◆ What you will do
Could you repeat the entries below exactly, but only from the line with "Az integrált, 360°-ban" through the line with "Configura tu agente", and without any picture?

══ Records for processing

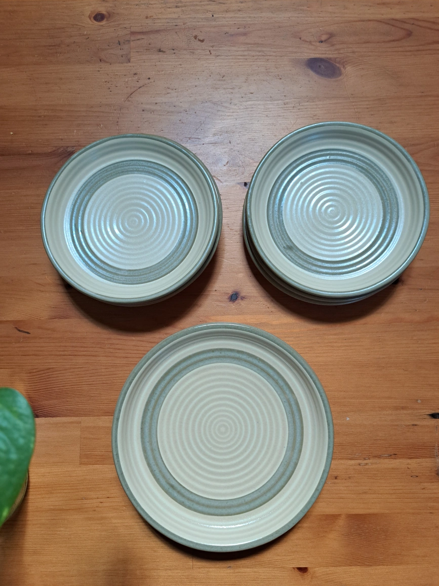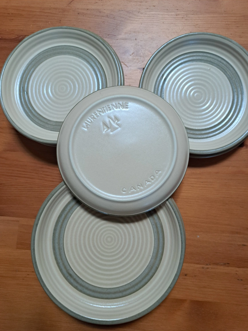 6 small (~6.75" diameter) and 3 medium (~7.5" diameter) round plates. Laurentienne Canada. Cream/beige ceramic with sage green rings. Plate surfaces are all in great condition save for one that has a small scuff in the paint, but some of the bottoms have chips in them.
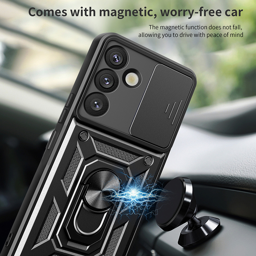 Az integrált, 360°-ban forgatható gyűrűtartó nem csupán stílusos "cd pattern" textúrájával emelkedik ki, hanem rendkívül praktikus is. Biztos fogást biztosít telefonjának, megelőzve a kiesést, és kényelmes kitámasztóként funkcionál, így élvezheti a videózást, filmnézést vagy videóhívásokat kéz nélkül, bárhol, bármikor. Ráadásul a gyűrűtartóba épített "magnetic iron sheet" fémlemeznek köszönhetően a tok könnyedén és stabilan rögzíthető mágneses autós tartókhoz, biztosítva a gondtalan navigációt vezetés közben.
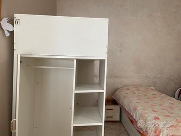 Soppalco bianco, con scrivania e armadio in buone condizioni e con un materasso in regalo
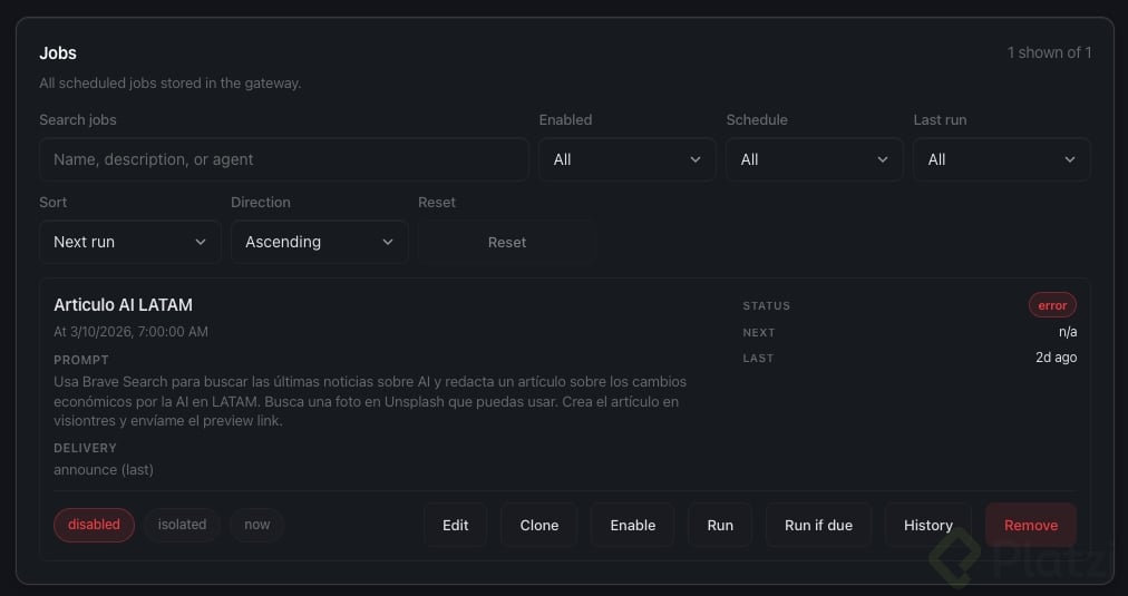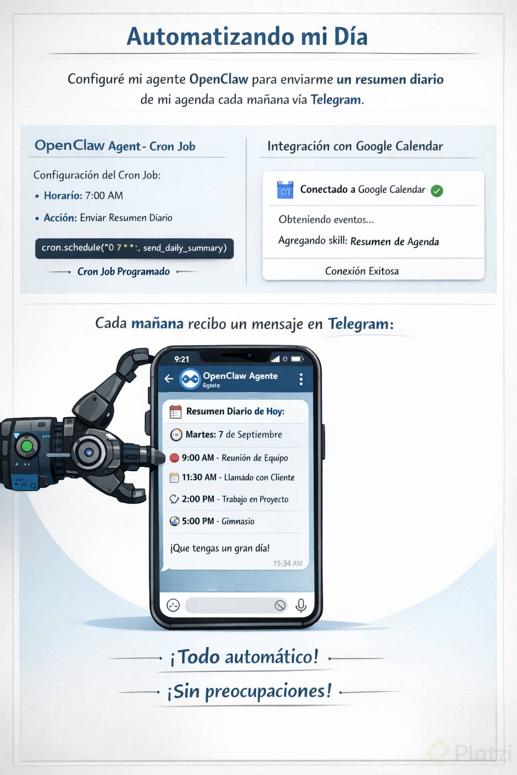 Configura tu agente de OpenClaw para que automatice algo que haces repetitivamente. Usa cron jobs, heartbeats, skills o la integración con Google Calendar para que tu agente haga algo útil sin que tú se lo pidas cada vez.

════
══ Records for processing

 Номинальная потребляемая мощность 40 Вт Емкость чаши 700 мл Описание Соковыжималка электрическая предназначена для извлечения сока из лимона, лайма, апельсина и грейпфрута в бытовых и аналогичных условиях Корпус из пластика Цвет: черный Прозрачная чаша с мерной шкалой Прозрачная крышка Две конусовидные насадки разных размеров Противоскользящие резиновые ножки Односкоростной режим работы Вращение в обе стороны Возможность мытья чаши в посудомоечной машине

════

◆ Response area
 Az integrált, 360°-ban forgatható gyűrűtartó nem csupán stílusos "cd pattern" textúrájával emelkedik ki, hanem rendkívül praktikus is. Biztos fogást biztosít telefonjának, megelőzve a kiesést, és kényelmes kitámasztóként funkcionál, így élvezheti a videózást, filmnézést vagy videóhívásokat kéz nélkül, bárhol, bármikor. Ráadásul a gyűrűtartóba épített "magnetic iron sheet" fémlemeznek köszönhetően a tok könnyedén és stabilan rögzíthető mágneses autós tartókhoz, biztosítva a gondtalan navigációt vezetés közben.
 Soppalco bianco, con scrivania e armadio in buone condizioni e con un materasso in regalo
 Configura tu agente de OpenClaw para que automatice algo que haces repetitivamente. Usa cron jobs, heartbeats, skills o la integración con Google Calendar para que tu agente haga algo útil sin que tú se lo pidas cada vez.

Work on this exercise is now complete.